Best practice playbook expanded to include clear comms, safe harbor clauses, and disclosure embargoes
The Forum of Incident Response and Security Teams (FIRST) has released updated guidelines to assist and simplify multi-party, coordinated vulnerability disclosure.
FIRST is an international confederation of incident response teams that tasks itself with promoting security best practices and maintaining the widely-used CVSS scoring system.
Previous vulnerability disclosure guidelines released by the non-profit have been mainly focused on relationships between two parties: the stakeholder (vendor or organization) and the bug finder.
However, as software development becomes more complex and connected to supply chains, coordinated vulnerability disclosure practices need to evolve, explained Art Manion, vulnerability analysis technical manager at CERT Coordination Center.
Multi-party vulnerability disclosure
A new set of guidelines has been produced by FIRST, in collaboration with the National Telecommunications and Information Administration (NTIA).
The document is aimed at anyone involved in multi-party vulnerability disclosures – from security researchers to incident response teams.
The updated advice (version 1.1) was unveiled earlier this month to address shortcomings in how multiple parties should engage and cooperate during the security vulnerability disclosure process.
“Factors such as a vibrant open source development community, the proliferation of bug bounty programs, [and] increasing supply chain complexity… are just a few of the complications,” the report reads.
“Examples such as Heartbleed highlight these coordination and disclosure challenges.”
The Heartbleed bug, a serious flaw in OpenSSL, was first disclosed in 2014. At the time of exposure, around 17% – approximately 500,000 – of certified secure web servers were thought to be vulnerable.
“This document is a collection of best current practices that consider more complex and typical real-life scenarios that extend past a single researcher reporting a vulnerability to a single company,” the report adds.
The document includes strong suggestions on how to implement best practices, policy, and processes for coordinated vulnerability disclosure.
It differs from ISO standards that are usually written for one group – vendors – focusing on bilateral disclosure.
Instead, it provides “practical guidance” for all possible stakeholders within the supply chain.
Serge Droz, FIRST chair, told The Daily Swig: “There is effectively no deviation. The FIRST document gives more actionable guidance and detail than the ISO standard, and both documents are in harmony with each other.
“Version 1 of the document briefly introduced the roles and responsibilities of all parties involved in the discourse process and then discussed examples.
“The updated version adds more conceptional information and spells out the best current practices. In essence it implements the lessons learned since the inception of the first version.

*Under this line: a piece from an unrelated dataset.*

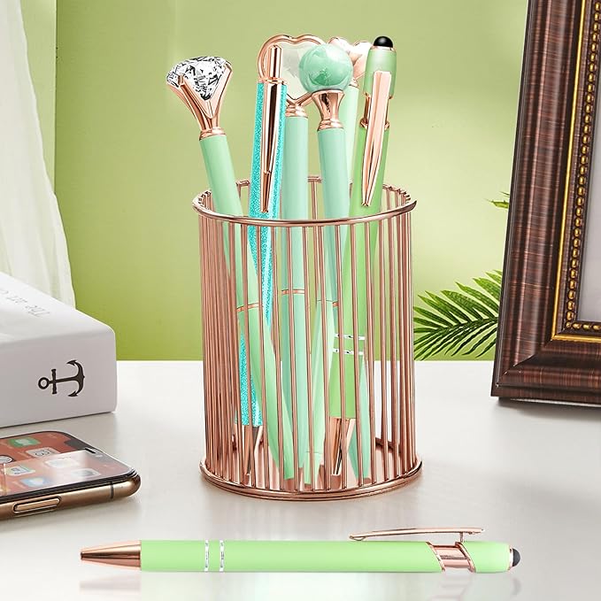 - 【Green Ballpoint Pen Set】 Set of 6 green ballpoint cool pens design for different styles. It includes a diamond pen, a heart shaped diamond pen with crystal, a pearl pen, a heart shaped metal pen, a glitter pen and a stylus pen .The variegated design can satisfy your difference usage scenarios and demands.

“Ultimately these guidelines should help people in the field to react better,” added Droz.
Timelines and thresholds
Recommendations include establishing strong relationships between stakeholders and researchers, by publishing “actionable public vulnerability coordination and disclosure policies and expectations, including timelines and thresholds for disclosure”.
While a large proportion of the security community adheres to a 90-day disclosure timeline, perhaps most notably observed by Google’s Project Zero, FIRST does not recommend a set timeline for remediation, instead encouraging an embargo period.

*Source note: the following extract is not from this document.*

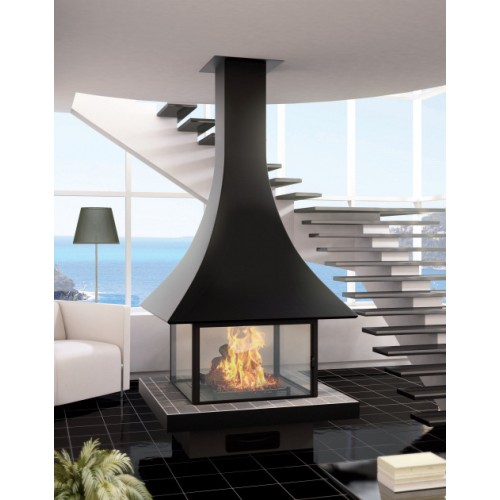 Островной камин также очень удачен тем, что имеет много положительных качеств. Закрытая топка камина JC Bordelet Julietta 985 centrale vitree держи пламя изолированно, тем самым обеспечивает полную безопасность, защищенность пространства комнаты от пламени.

Other suggestions include maintaining clear and consistent communications between a vendor, vulnerability finder, and other parties both prior to and after discovery.
“Vendors should provide currently accepted contact mechanisms, such as security@ email addresses and ‘slash security’ (/security) web pages,” the document reads.

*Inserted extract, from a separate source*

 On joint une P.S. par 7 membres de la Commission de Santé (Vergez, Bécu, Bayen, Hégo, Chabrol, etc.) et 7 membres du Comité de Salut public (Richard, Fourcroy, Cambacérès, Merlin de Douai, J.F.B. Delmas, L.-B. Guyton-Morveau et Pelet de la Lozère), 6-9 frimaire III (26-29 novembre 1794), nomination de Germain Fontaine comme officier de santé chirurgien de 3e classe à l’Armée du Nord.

It continues: “All parties should provide information to help other stakeholders assess severity, priority, and risk associated with vulnerabilities. The CVSS is one such option.”
Stakeholder roles and communication paths (Image credit: First.org)
Stakeholders should build and maintain trust, for example by launching bug bounty programs or promising safe harbor, and should avoid escalation to any extent – including legal action.
They should also respond quickly to security disclosures, and should appoint a co-ordinator, if appropriate, to “provide additional technical, impact, and scope analysis to researchers, vendors, and other stakeholders, particularly when there is disagreement”.
Multiple co-ordinators can be appointed if needed, though one should be named “lead co-ordinator” to minimize confusion.
The document also includes use cases that set out how to appropriately deal with a multi-party security disclosure, from best to worst case scenarios.
So far, Droz notes, the feedback has been extremely positive from vendors who deal with such issues on a regular basis.
He added: “I am proud that FIRST was able to bring these stakeholders together to work on this very important document.”